Htmlunit Web crawler Beginner's study notes (iii)

Source: Internet
Author: User
Tags cdata

The previous article, if the analysis of each URL, including the scroll bar scrolling url and paging URL can be constructed to access the URL to crawl information, but so if you want to my attention of all the microblogging of the people all the output, it is not the URL of each person concerned to see and analysis, This is going to be a lot of work.

So today I just carefully analyzed the URL, found that in fact the change in addition to page and Pagebar The two parameters, there are other parameters need to pay attention to: the person's home page Id,domain and ID, the following explanation

Refer to the URL of a paging page

http://weibo.com/u/1645851277? pids=pl_official_myprofilefeed__22&is_search=0&visible=0&is _tag=0&profile_ftype=1&page= "+ (page++) +" &ajaxpagelet=1&ajaxpagelet_v6=1&__ref=/u/ 1645851277&_t=fm_144101367516634

Refer to the URL of a scroll bar

http://weibo.com/p/aj/v6/mblog/mbloglist?ajwvr=6&domain=100505&from=myfollow_all&pre_page=1&page=1&max_id=&end_id=3881954464220733&pagebar=0& filtered_min_id=&pl_name=pl_official_myprofilefeed__22&id=1005051645851277&script_uri=/u/1645851277&feed_type=0&domain_op=100505&__rnd=1441013708418

Above the red can be seen, 1645851277 is the home page Id,domain is 100505,id is 1005051645851277, is actually domain+ home page ID get

How do you get these parameters?

First is the homepage ID, this actually in my concern of that page can be found, relatively simple, search the ID, see, and then get the way to get the label

Obtained after the construction of a visit to this person's microblog homepage URL, and then need to find domain and ID, with Webclient.getpage in, here debug can see this configuration, hey, is not very obvious

             But the question came, how to get this $config parameter, at first I am also very puzzled, this can do. , put in the CDATA block, and then Baidu a lot of Htmlunit get CDATA method, did not find, very depressed, but this time suddenly found that this is placed in the <script> tag, that is, this is a script, I think Htmlunit an API

             Htmlpage.executejavascript (" Script ")

             This method is to allow you to execute some scripting languages directly, So decisively use the HtmlPage object of this homepage to execute this method            

Configmap = (map<string, string>) page3.executejavascript ("$CONFIG"). Getjavascriptresult ();

This is a parameter, so directly take, strong to map, and then directly get out the required properties, fix, the code after the modification can be found in accordance with the various IDs to the people I care about the microblog can be crawled out.

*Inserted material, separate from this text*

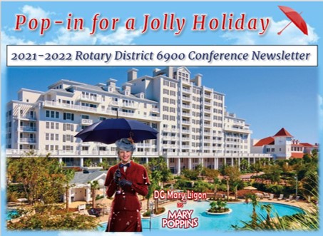 By Mary Ligon We are 22 days away from our next opportunity to connect in person! This Rotary year has continued to be one of adapting to the uncertainty of what's next with the pandemic. What has not changed, what is certain is our vision that together, we see a world where people unite and take action to create lasting change - across the globe, in our communities, and in ourselves. While I love that technology has allowed us to stay connected and be flexible to meet differing needs, I truly look forward to our Jolly Holiday - celebrating our progress, exchanging ideas, having fun and fellowship with you in person! Conference co-chairs PDG Court and PAG Stephanie have created a “practically perfect” event of learning, sharing, recognition and fun. Read all about the Conference below and be sure to register! As we get ready to meet in Sandestin, there's work to do and a lot to celebrate. Take a look! [more] |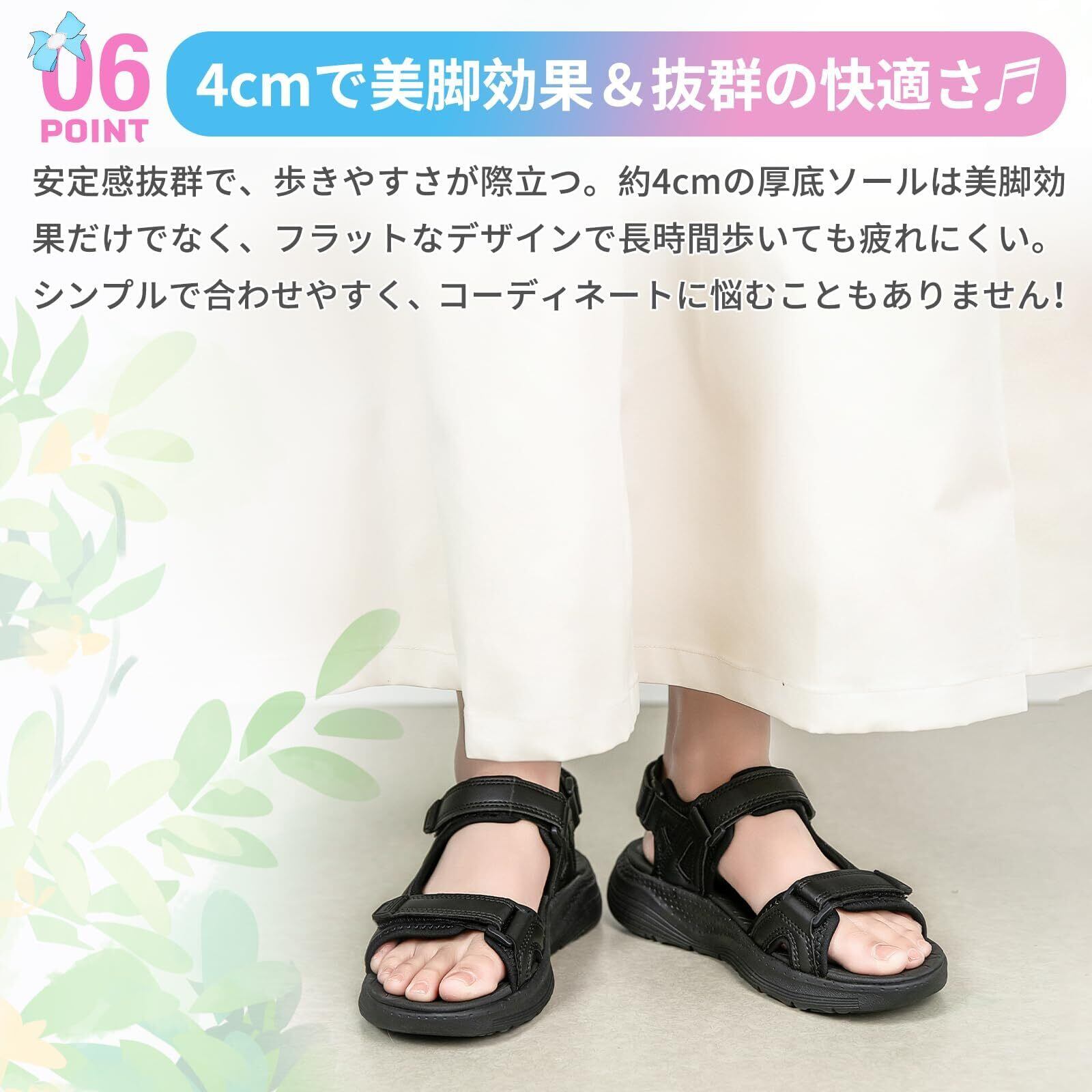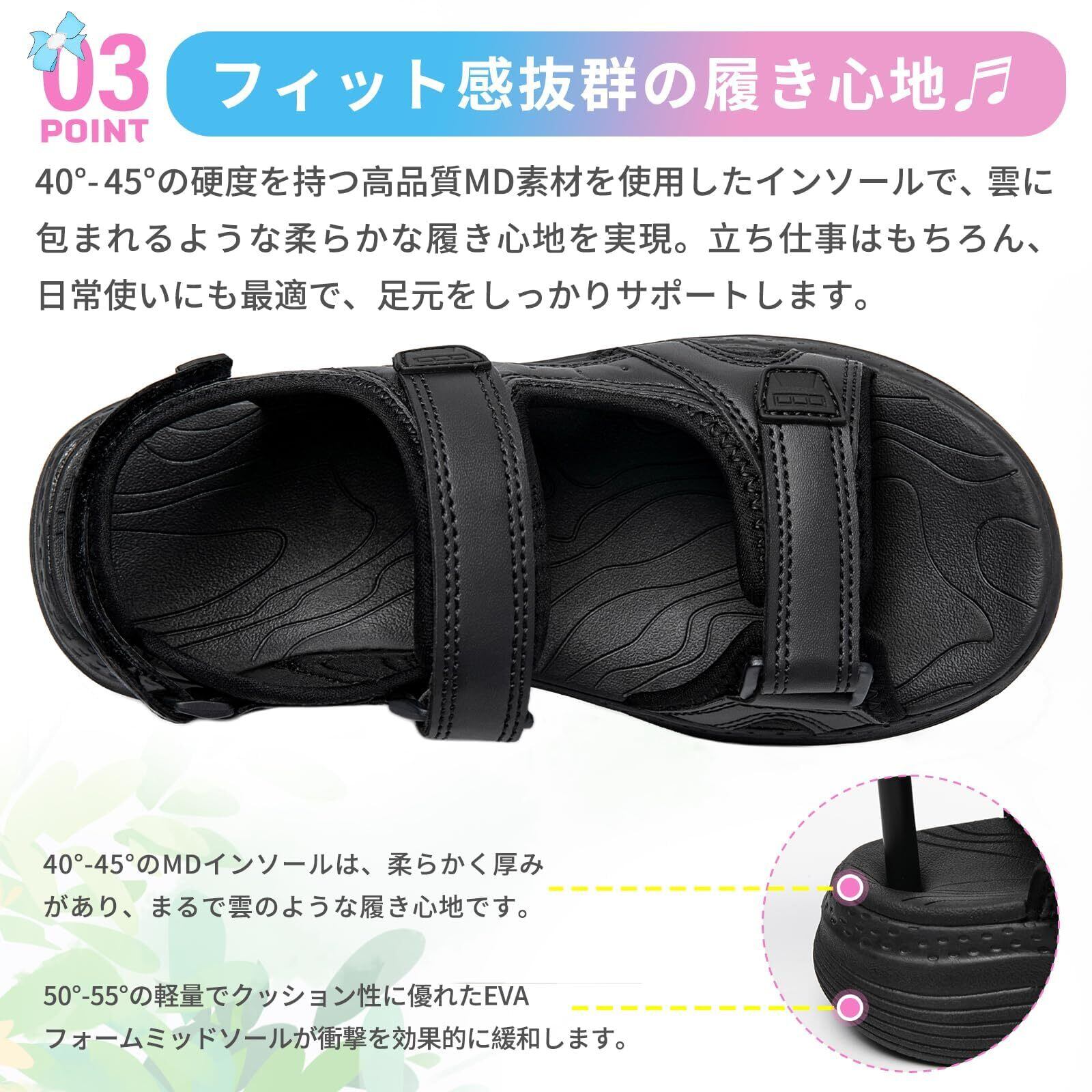 【真夏を快適に過ごす為のレディースサンダル】フットベッドには快適なフィット感のソフトなEVAフットベッドを使用。中央が少しカーブした立体的なソールなので、足裏にフィットします。踵部分がゴム仕様なのでちょっと脱ぎたい時も便利。

Finally, you are welcome to continue to criticize the great God, ah, brother in this thank you ('? ') )





Htmlunit Web crawler Beginner's study notes (iii)

Contact Us

The content source of this page is from Internet, which doesn't represent Alibaba Cloud's opinion; products and services mentioned on that page don't have any relationship with Alibaba Cloud. If the content of the page makes you feel confusing, please write us an email, we will handle the problem within 5 days after receiving your email.

If you find any instances of plagiarism from the community, please send an email to: info-contact@alibabacloud.com and provide relevant evidence. A staff member will contact you within 5 working days.

A Free Trial That Lets You Build Big!

Start building with 50+ products and up to 12 months usage for Elastic Compute Service

  • Sales Support

    1 on 1 presale consultation

  • After-Sales Support

    24/7 Technical Support 6 Free Tickets per Quarter Faster Response

  • Alibaba Cloud offers highly flexible support services tailored to meet your exact needs.